• [Exercise description]
Print the data exactly as written, but leave out each picture.

• [Source data]
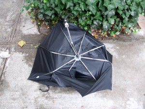 Almost as soon as you open one of The Umbrella Man’s umbrellas, if there is as much as a Chihuahua’s sneeze in the air, it will instantly blow inside out, so you can imagine how sturdy they are under gale force wind.  It has occurred to me that these umbrellas might blow inside out if opened under a sunny blue sky, simply because there is an umbrella industry conspiracy in play here.  The conspiracy is that The Umbrella Man’s umbrellas are purposely designed to blow inside out to ensure that customers will either buy more umbrellas from The Umbrella Man, which could be another definition of insanity, or just before these users commit themselves to a mental institution, these same customers – people like me – break down and invest the equivalent of a one way plane fare to New Orleans on JetBlue in a top of the line umbrella instead.  Also, if I were inclined to visit New Orleans this time of year, it would probably behoove me to pack my performance-enhanced umbrella.
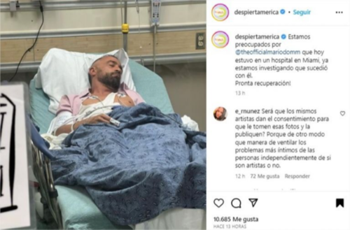 Mario Domm vocalista de Camila alarmó a sus millones de seguidores, tras divulgarse una imagen de él acostado en una cama de hospital y conectado a una serie de aparatos que monitorean los signos vitales, en un nosocomio de Miami, Florida.
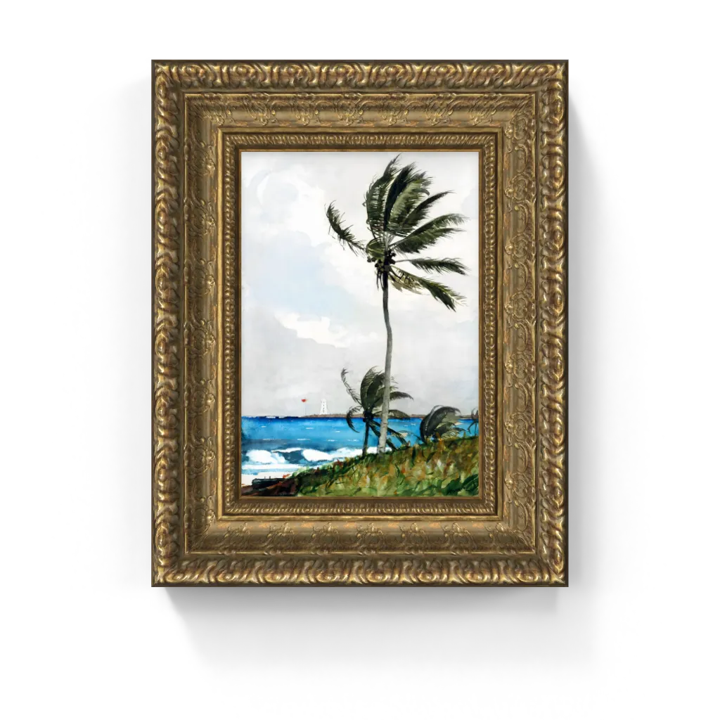 With its bold silhouette, bright sky, and glowing tropical tones, the painting is a masterclass in color harmony and compositional clarity. Homer’s brushwork is fluid yet deliberate—capturing both the delicate movement of palm fronds and the strength of the tree’s upright form. Set against a backdrop of blue water and pale architecture, the palm becomes a symbol of serenity, resilience, and island life.
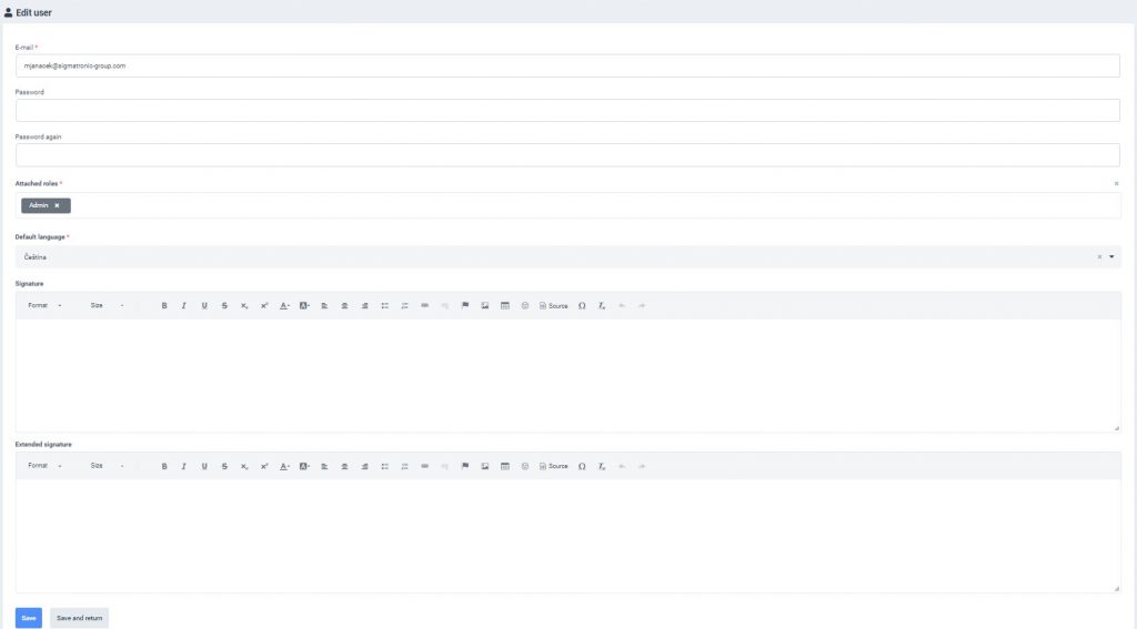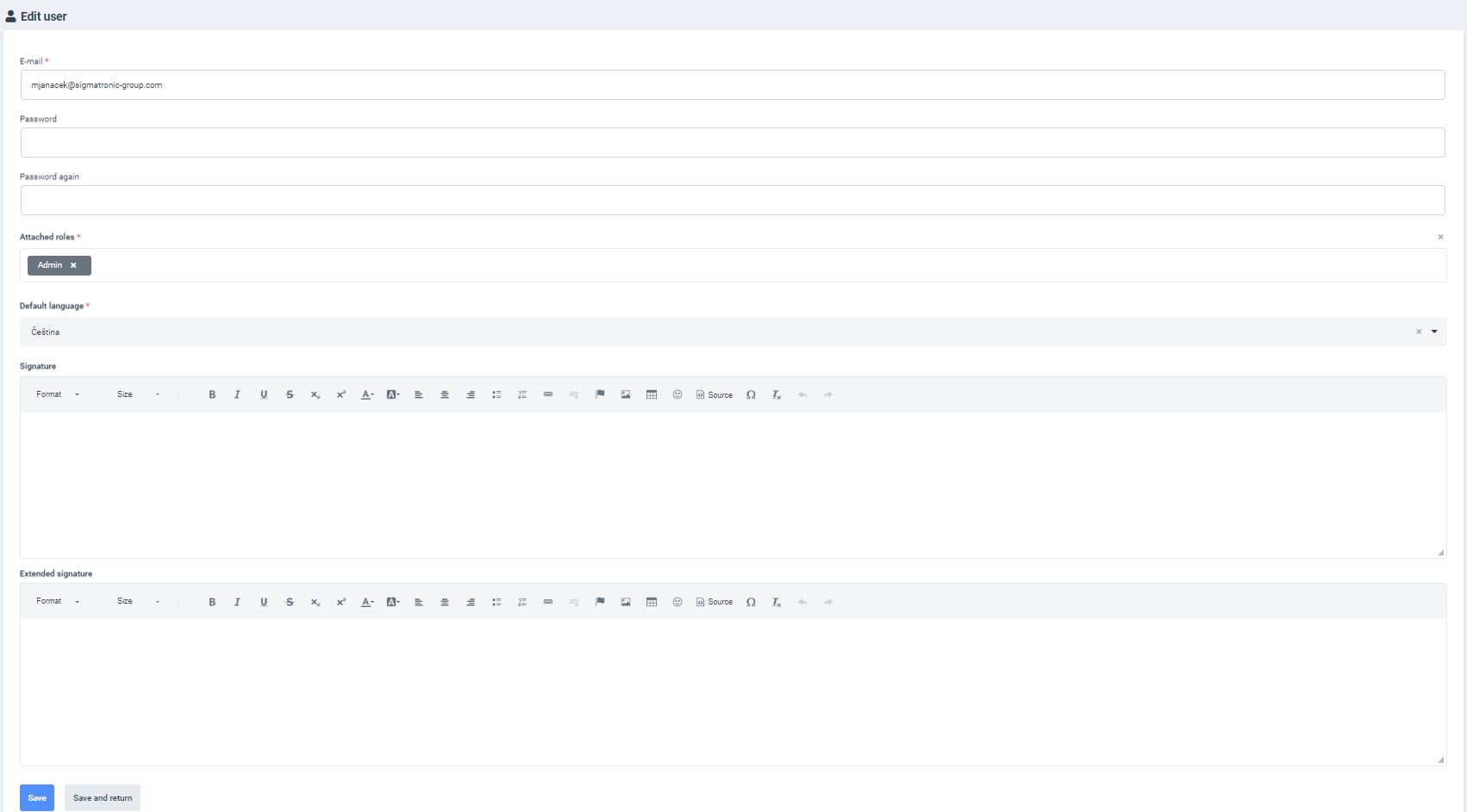 EDIT USER window is displayed after pressing NEW USER or EDIT USER. Parameters of selected users can be defined through this settings. An E-MAIL address can be allocated as well as PASSWORD AND REPEAT PASSWORD. A user ROLE and DEFAULT LANGUAGE can be attributed through a selector menu.

• [Response]
 Almost as soon as you open one of The Umbrella Man’s umbrellas, if there is as much as a Chihuahua’s sneeze in the air, it will instantly blow inside out, so you can imagine how sturdy they are under gale force wind.  It has occurred to me that these umbrellas might blow inside out if opened under a sunny blue sky, simply because there is an umbrella industry conspiracy in play here.  The conspiracy is that The Umbrella Man’s umbrellas are purposely designed to blow inside out to ensure that customers will either buy more umbrellas from The Umbrella Man, which could be another definition of insanity, or just before these users commit themselves to a mental institution, these same customers – people like me – break down and invest the equivalent of a one way plane fare to New Orleans on JetBlue in a top of the line umbrella instead.  Also, if I were inclined to visit New Orleans this time of year, it would probably behoove me to pack my performance-enhanced umbrella.
 Mario Domm vocalista de Camila alarmó a sus millones de seguidores, tras divulgarse una imagen de él acostado en una cama de hospital y conectado a una serie de aparatos que monitorean los signos vitales, en un nosocomio de Miami, Florida.
 With its bold silhouette, bright sky, and glowing tropical tones, the painting is a masterclass in color harmony and compositional clarity. Homer’s brushwork is fluid yet deliberate—capturing both the delicate movement of palm fronds and the strength of the tree’s upright form. Set against a backdrop of blue water and pale architecture, the palm becomes a symbol of serenity, resilience, and island life.
 EDIT USER window is displayed after pressing NEW USER or EDIT USER. Parameters of selected users can be defined through this settings. An E-MAIL address can be allocated as well as PASSWORD AND REPEAT PASSWORD. A user ROLE and DEFAULT LANGUAGE can be attributed through a selector menu.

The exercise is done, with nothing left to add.